Task prompt. Omit the pictures from the listing below and print every remaining entry verbatim.

Records for the exercise.
- - - - - - -

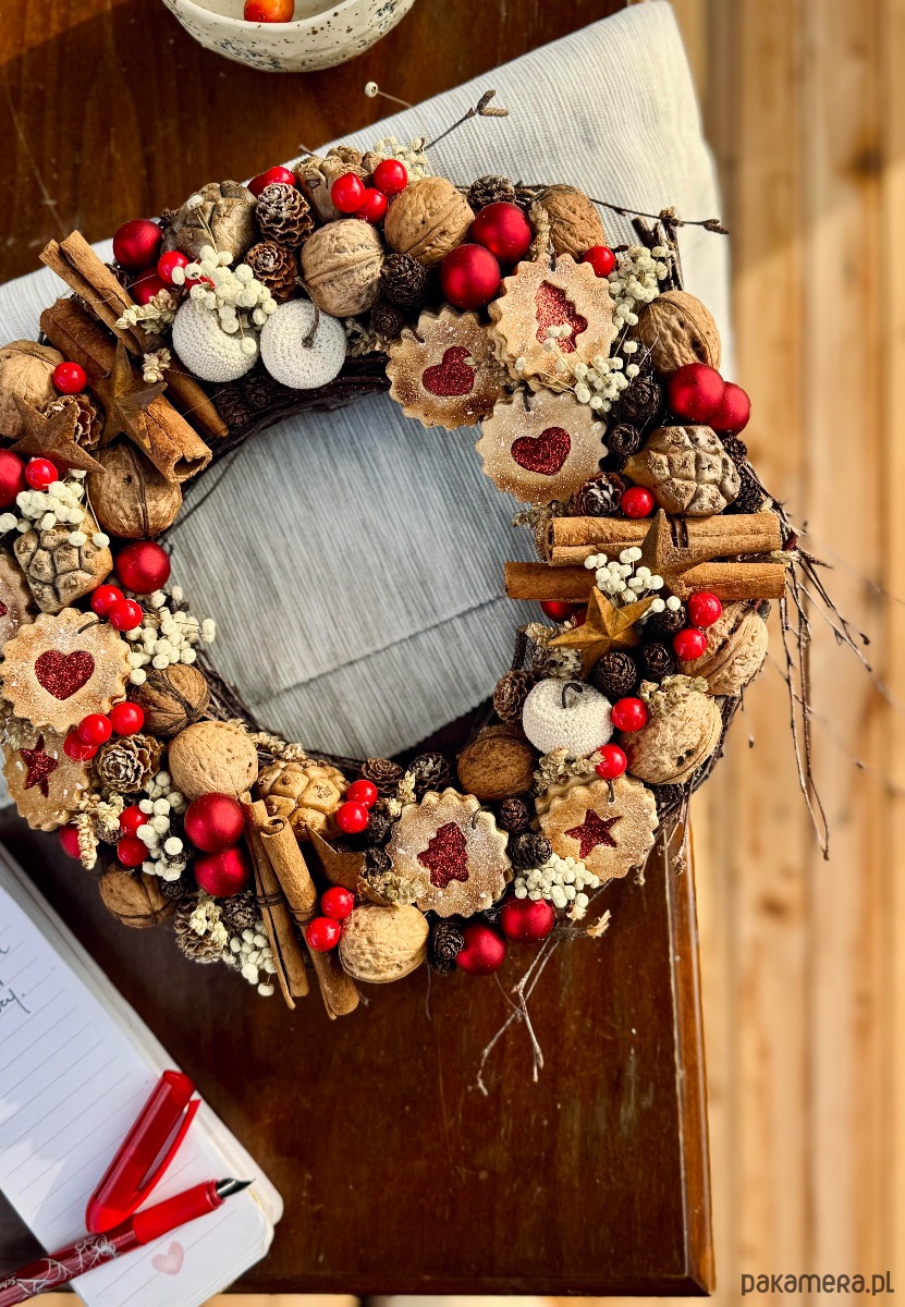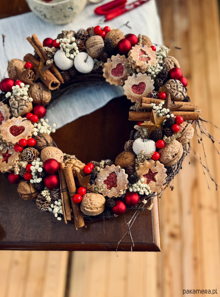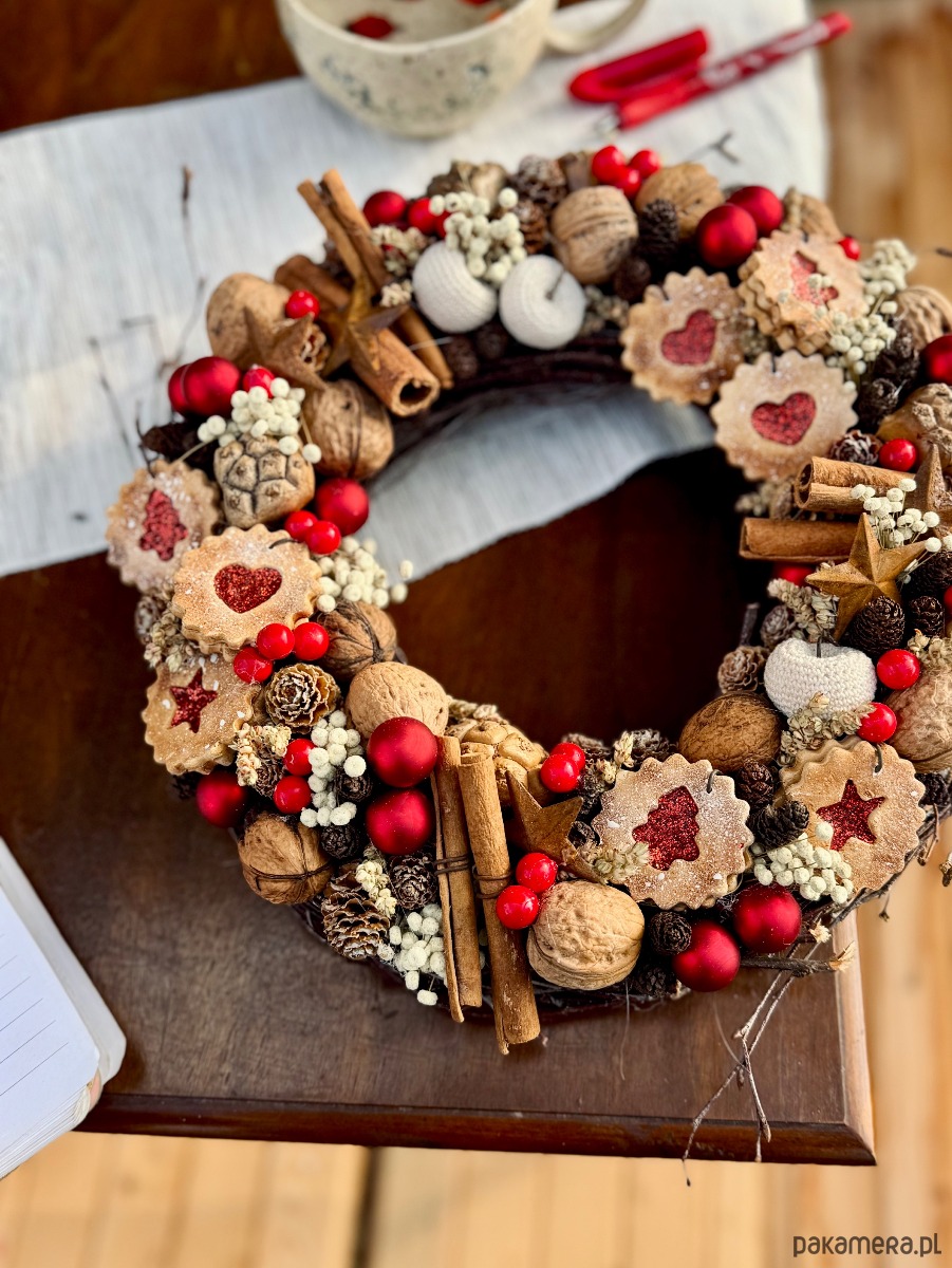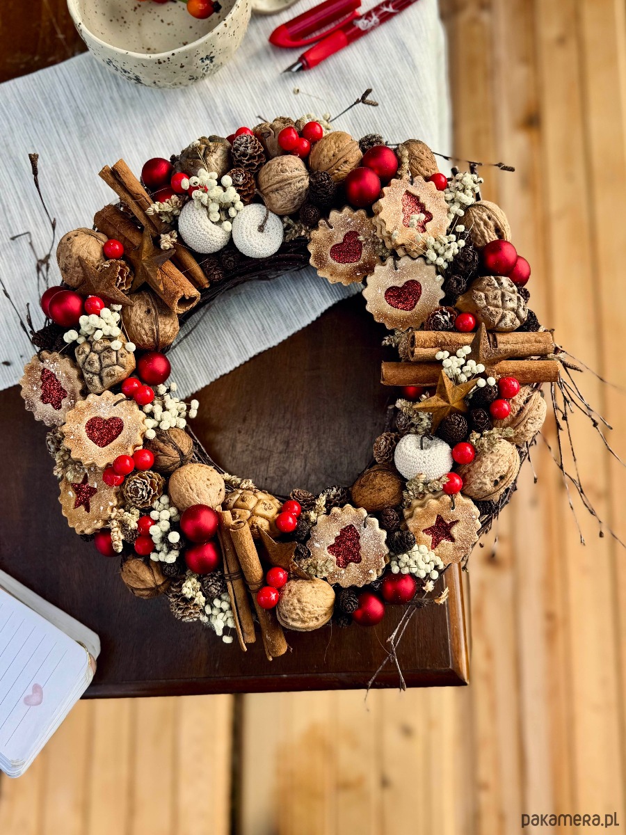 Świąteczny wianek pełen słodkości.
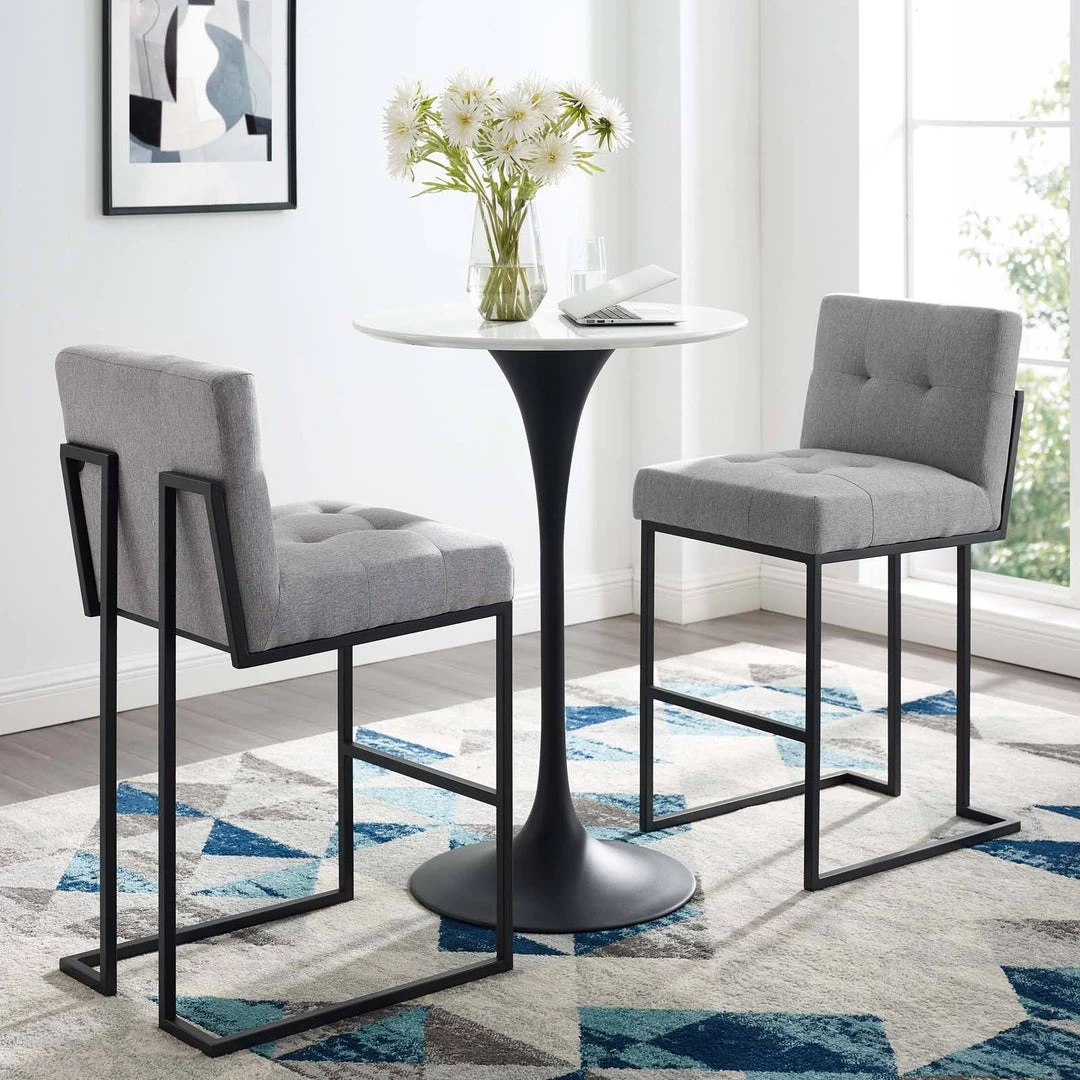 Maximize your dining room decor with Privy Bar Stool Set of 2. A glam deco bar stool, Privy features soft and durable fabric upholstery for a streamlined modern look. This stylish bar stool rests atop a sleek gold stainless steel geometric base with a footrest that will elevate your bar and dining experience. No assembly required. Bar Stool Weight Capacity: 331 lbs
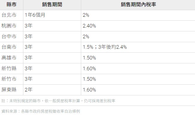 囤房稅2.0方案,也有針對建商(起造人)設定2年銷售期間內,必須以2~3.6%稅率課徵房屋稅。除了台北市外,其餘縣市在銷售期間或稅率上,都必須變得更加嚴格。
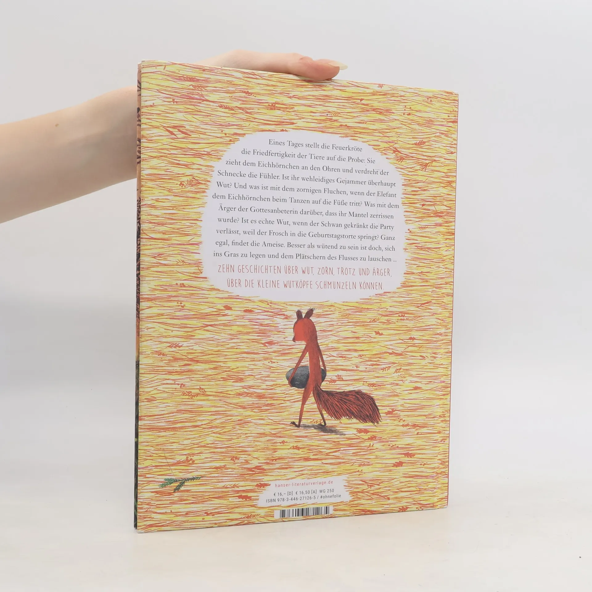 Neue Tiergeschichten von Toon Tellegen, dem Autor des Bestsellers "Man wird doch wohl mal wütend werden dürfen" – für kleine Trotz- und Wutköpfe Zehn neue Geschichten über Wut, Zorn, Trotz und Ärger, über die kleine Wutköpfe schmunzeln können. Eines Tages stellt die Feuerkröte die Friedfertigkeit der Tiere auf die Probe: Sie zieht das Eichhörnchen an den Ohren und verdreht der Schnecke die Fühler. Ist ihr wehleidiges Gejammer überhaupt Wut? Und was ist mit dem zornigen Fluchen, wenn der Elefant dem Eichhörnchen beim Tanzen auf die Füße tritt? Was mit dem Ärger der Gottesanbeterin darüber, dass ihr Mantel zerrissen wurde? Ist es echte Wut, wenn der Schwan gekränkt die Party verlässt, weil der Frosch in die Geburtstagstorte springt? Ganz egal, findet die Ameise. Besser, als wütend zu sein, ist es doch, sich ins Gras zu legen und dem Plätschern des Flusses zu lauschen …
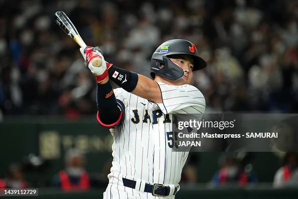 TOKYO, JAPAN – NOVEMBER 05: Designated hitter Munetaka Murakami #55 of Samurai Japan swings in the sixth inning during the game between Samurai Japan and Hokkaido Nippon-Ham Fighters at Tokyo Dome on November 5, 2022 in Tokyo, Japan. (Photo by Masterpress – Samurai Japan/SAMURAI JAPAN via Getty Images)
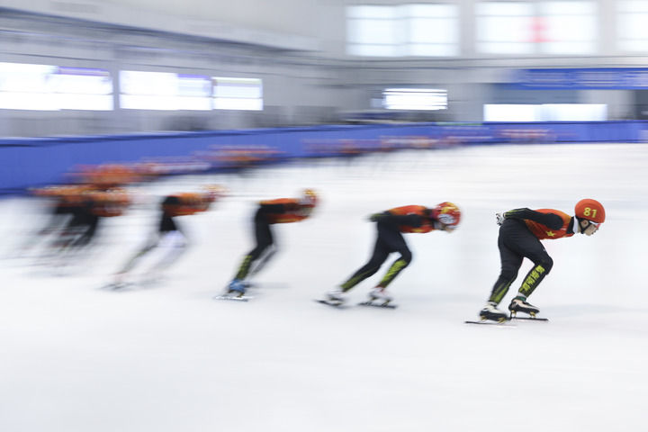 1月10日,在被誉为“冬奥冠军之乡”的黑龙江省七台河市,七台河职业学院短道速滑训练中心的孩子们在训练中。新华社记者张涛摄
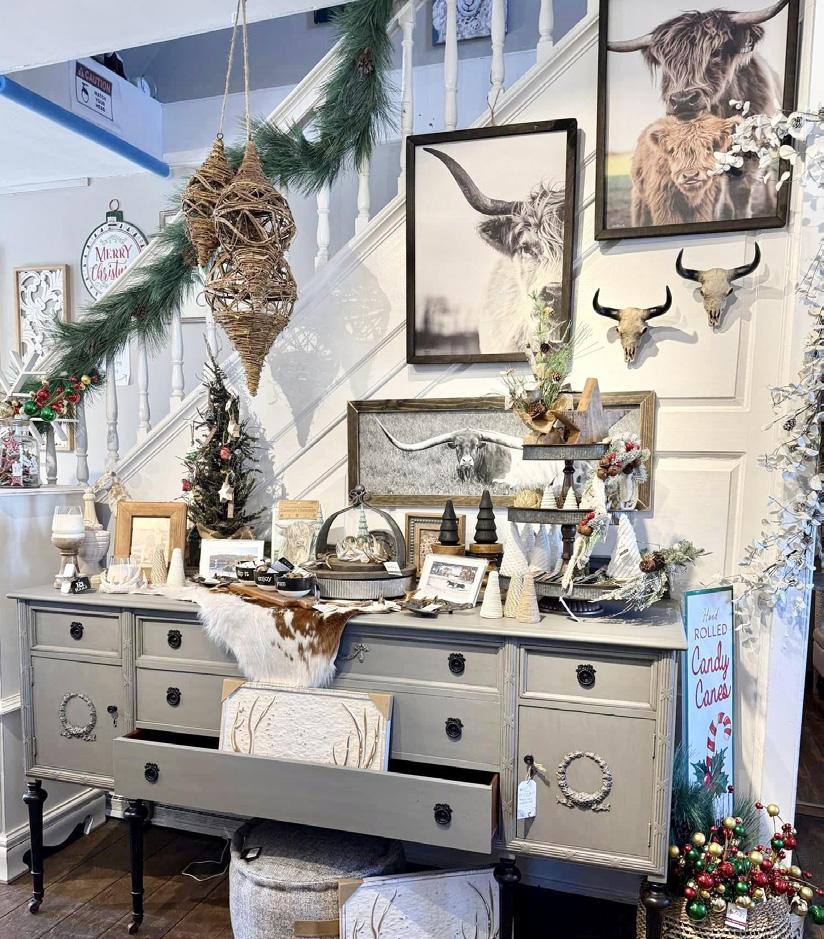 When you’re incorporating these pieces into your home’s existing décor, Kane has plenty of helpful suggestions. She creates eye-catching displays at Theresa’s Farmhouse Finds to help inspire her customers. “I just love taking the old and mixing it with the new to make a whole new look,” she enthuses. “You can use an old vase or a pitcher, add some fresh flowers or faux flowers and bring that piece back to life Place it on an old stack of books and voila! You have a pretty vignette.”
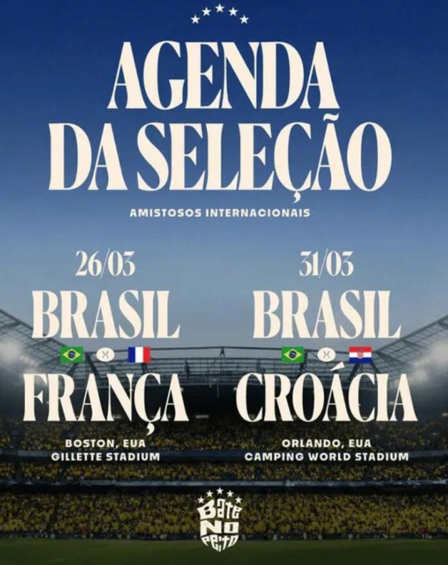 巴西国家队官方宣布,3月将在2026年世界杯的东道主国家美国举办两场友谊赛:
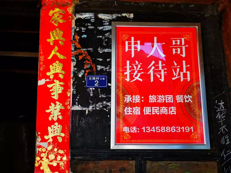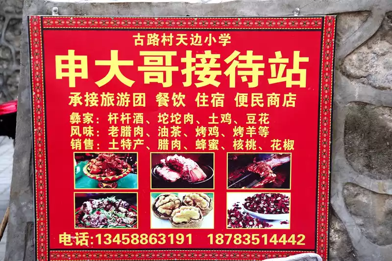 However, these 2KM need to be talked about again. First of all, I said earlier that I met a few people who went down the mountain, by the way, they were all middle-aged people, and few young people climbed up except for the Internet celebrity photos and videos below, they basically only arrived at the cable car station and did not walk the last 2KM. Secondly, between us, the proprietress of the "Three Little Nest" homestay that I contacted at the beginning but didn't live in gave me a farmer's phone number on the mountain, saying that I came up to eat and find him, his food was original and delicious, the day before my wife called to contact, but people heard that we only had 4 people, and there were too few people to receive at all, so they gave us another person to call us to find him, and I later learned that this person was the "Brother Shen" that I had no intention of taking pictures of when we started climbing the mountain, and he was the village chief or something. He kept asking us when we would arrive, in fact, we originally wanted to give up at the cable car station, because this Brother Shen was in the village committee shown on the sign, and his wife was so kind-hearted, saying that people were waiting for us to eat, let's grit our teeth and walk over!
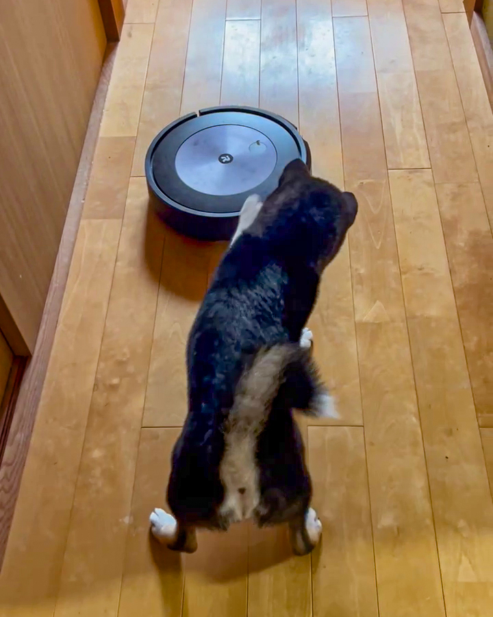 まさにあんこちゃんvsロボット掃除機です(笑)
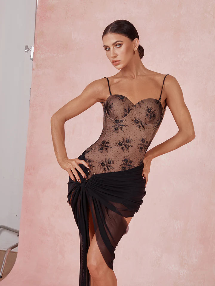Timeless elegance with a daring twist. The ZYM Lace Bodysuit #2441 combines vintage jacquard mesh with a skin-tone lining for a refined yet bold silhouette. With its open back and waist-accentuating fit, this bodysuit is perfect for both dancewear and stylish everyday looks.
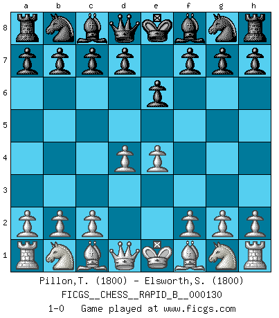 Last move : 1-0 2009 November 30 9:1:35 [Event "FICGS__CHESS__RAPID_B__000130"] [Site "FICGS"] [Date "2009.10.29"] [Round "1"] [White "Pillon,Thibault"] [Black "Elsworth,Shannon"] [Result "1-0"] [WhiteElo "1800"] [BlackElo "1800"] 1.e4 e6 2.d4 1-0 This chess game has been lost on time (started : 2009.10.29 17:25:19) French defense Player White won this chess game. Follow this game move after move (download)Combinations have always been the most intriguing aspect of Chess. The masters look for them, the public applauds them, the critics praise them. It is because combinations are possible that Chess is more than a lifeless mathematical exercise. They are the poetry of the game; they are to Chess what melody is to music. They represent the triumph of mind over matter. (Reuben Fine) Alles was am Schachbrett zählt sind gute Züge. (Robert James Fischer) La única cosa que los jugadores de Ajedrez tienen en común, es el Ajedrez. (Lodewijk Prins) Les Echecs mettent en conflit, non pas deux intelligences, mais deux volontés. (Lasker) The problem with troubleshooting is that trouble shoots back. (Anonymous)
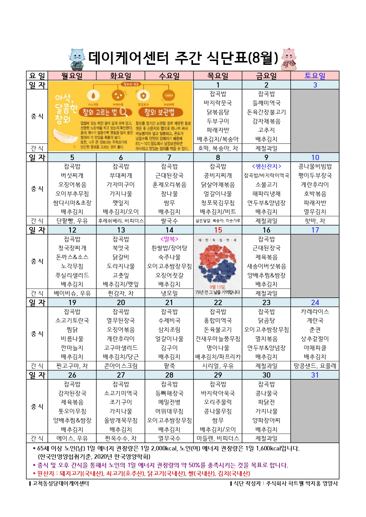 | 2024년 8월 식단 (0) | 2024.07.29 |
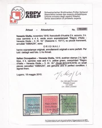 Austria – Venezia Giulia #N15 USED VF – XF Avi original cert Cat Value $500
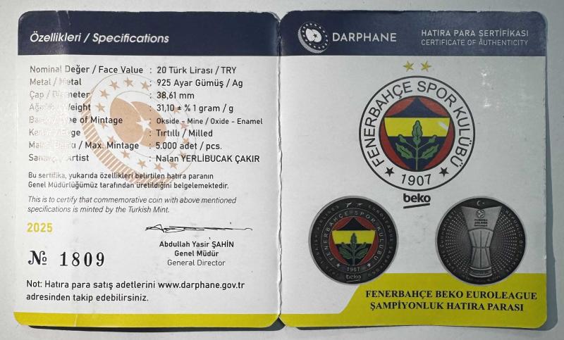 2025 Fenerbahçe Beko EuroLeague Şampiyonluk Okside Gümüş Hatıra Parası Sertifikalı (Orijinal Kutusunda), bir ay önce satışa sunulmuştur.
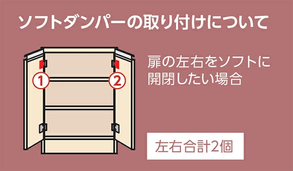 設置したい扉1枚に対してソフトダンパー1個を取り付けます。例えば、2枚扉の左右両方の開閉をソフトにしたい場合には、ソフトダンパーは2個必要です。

- - - - - - -

Problem solution.
 Świąteczny wianek pełen słodkości.
 Maximize your dining room decor with Privy Bar Stool Set of 2. A glam deco bar stool, Privy features soft and durable fabric upholstery for a streamlined modern look. This stylish bar stool rests atop a sleek gold stainless steel geometric base with a footrest that will elevate your bar and dining experience. No assembly required. Bar Stool Weight Capacity: 331 lbs
 囤房稅2.0方案,也有針對建商(起造人)設定2年銷售期間內,必須以2~3.6%稅率課徵房屋稅。除了台北市外,其餘縣市在銷售期間或稅率上,都必須變得更加嚴格。
 Neue Tiergeschichten von Toon Tellegen, dem Autor des Bestsellers "Man wird doch wohl mal wütend werden dürfen" – für kleine Trotz- und Wutköpfe Zehn neue Geschichten über Wut, Zorn, Trotz und Ärger, über die kleine Wutköpfe schmunzeln können. Eines Tages stellt die Feuerkröte die Friedfertigkeit der Tiere auf die Probe: Sie zieht das Eichhörnchen an den Ohren und verdreht der Schnecke die Fühler. Ist ihr wehleidiges Gejammer überhaupt Wut? Und was ist mit dem zornigen Fluchen, wenn der Elefant dem Eichhörnchen beim Tanzen auf die Füße tritt? Was mit dem Ärger der Gottesanbeterin darüber, dass ihr Mantel zerrissen wurde? Ist es echte Wut, wenn der Schwan gekränkt die Party verlässt, weil der Frosch in die Geburtstagstorte springt? Ganz egal, findet die Ameise. Besser, als wütend zu sein, ist es doch, sich ins Gras zu legen und dem Plätschern des Flusses zu lauschen …
 TOKYO, JAPAN – NOVEMBER 05: Designated hitter Munetaka Murakami #55 of Samurai Japan swings in the sixth inning during the game between Samurai Japan and Hokkaido Nippon-Ham Fighters at Tokyo Dome on November 5, 2022 in Tokyo, Japan. (Photo by Masterpress – Samurai Japan/SAMURAI JAPAN via Getty Images)
 1月10日,在被誉为“冬奥冠军之乡”的黑龙江省七台河市,七台河职业学院短道速滑训练中心的孩子们在训练中。新华社记者张涛摄
 When you’re incorporating these pieces into your home’s existing décor, Kane has plenty of helpful suggestions. She creates eye-catching displays at Theresa’s Farmhouse Finds to help inspire her customers. “I just love taking the old and mixing it with the new to make a whole new look,” she enthuses. “You can use an old vase or a pitcher, add some fresh flowers or faux flowers and bring that piece back to life Place it on an old stack of books and voila! You have a pretty vignette.”
 巴西国家队官方宣布,3月将在2026年世界杯的东道主国家美国举办两场友谊赛:
 However, these 2KM need to be talked about again. First of all, I said earlier that I met a few people who went down the mountain, by the way, they were all middle-aged people, and few young people climbed up except for the Internet celebrity photos and videos below, they basically only arrived at the cable car station and did not walk the last 2KM. Secondly, between us, the proprietress of the "Three Little Nest" homestay that I contacted at the beginning but didn't live in gave me a farmer's phone number on the mountain, saying that I came up to eat and find him, his food was original and delicious, the day before my wife called to contact, but people heard that we only had 4 people, and there were too few people to receive at all, so they gave us another person to call us to find him, and I later learned that this person was the "Brother Shen" that I had no intention of taking pictures of when we started climbing the mountain, and he was the village chief or something. He kept asking us when we would arrive, in fact, we originally wanted to give up at the cable car station, because this Brother Shen was in the village committee shown on the sign, and his wife was so kind-hearted, saying that people were waiting for us to eat, let's grit our teeth and walk over!
 まさにあんこちゃんvsロボット掃除機です(笑)
Timeless elegance with a daring twist. The ZYM Lace Bodysuit #2441 combines vintage jacquard mesh with a skin-tone lining for a refined yet bold silhouette. With its open back and waist-accentuating fit, this bodysuit is perfect for both dancewear and stylish everyday looks.
 Last move : 1-0 2009 November 30 9:1:35 [Event "FICGS__CHESS__RAPID_B__000130"] [Site "FICGS"] [Date "2009.10.29"] [Round "1"] [White "Pillon,Thibault"] [Black "Elsworth,Shannon"] [Result "1-0"] [WhiteElo "1800"] [BlackElo "1800"] 1.e4 e6 2.d4 1-0 This chess game has been lost on time (started : 2009.10.29 17:25:19) French defense Player White won this chess game. Follow this game move after move (download)Combinations have always been the most intriguing aspect of Chess. The masters look for them, the public applauds them, the critics praise them. It is because combinations are possible that Chess is more than a lifeless mathematical exercise. They are the poetry of the game; they are to Chess what melody is to music. They represent the triumph of mind over matter. (Reuben Fine) Alles was am Schachbrett zählt sind gute Züge. (Robert James Fischer) La única cosa que los jugadores de Ajedrez tienen en común, es el Ajedrez. (Lodewijk Prins) Les Echecs mettent en conflit, non pas deux intelligences, mais deux volontés. (Lasker) The problem with troubleshooting is that trouble shoots back. (Anonymous)
 | 2024년 8월 식단 (0) | 2024.07.29 |
 Austria – Venezia Giulia #N15 USED VF – XF Avi original cert Cat Value $500
 2025 Fenerbahçe Beko EuroLeague Şampiyonluk Okside Gümüş Hatıra Parası Sertifikalı (Orijinal Kutusunda), bir ay önce satışa sunulmuştur.
 設置したい扉1枚に対してソフトダンパー1個を取り付けます。例えば、2枚扉の左右両方の開閉をソフトにしたい場合には、ソフトダンパーは2個必要です。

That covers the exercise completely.